4. GNU Screen <--- This is "almost" the best because you can run a process in one screen, disattach it, log out, and that same screen can either be accessed by you at a later point, or by any other user with access, from a different pty at any point in time before its conclusion.
5. The Down and Dirty Method <--- Explained below.

The Down and Dirty Method isn't an industry term; just what I like to call doing what most of the above mentioned programs are built to do in a way that, in my experience, is more consistently effective. In order to ensure that my programs keep running after I log off (if I happen to not have access to a console), I do the following: background the command I want to run and then execute that backgrounded command in a subshell. This probably sounds more complicated than it actually is. For example; to background a command, instead of typing:

./command

you would type

./command &

The ampersand character runs the job for you in the background. You can verify that it's still running by typing jobs at the command line.

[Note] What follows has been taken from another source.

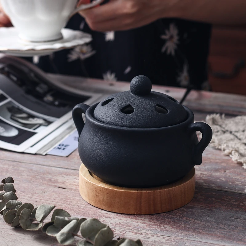 Electric Incense Burner Ceramic, Elegant Black Essential Oil Lamp, Timed Household Diffuser For Home Decor 110v With Usa Plug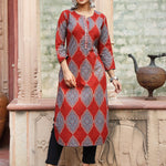 Cotton Calf Length Printed Straight 3/4 Sleeves Round Neck Kurta

To run a command in a subshell (in sh, ksh and bash, for example), you just need to surround it with parentheses, like so:

(./command)

You won't be able to verify that this job is running by typing jobs, but (assuming it has a long enough run-time or you're an incredibly fast typist) you can see it in the output of "ps -ef." You should note that, when you execute a command like this, the ps output will show your user id as the process owner.

Now, to make use of the Down and Dirty Method, you just need to type the following amalgam of the above concepts:

(./command &)

And that's it. You've backgrounded the command, by following it with an ampersand, and executed it in a subshell by surrounding it with parentheses. The key reason this process almost always works is the way in which the shell processes your request. First, it invokes the subshell in which to execute your command. Once in the subshell, it executes the command and processes the ampersand, which instructs it to background the process. Since the process you're executing is being run in a subshell, when the subshell backgrounds it, the process disconnects itself from your pty. You can also verify this in "ps -ef" output; noting that the user 1 (init) is listed as the processes owner. It's not going anywhere until it's finished. Unless you have the privilege to kill the process.

Hope this helps you out in some form or fashion. Even if we agree to disagree on what works best, it's always good to have alternatives :)

, Mike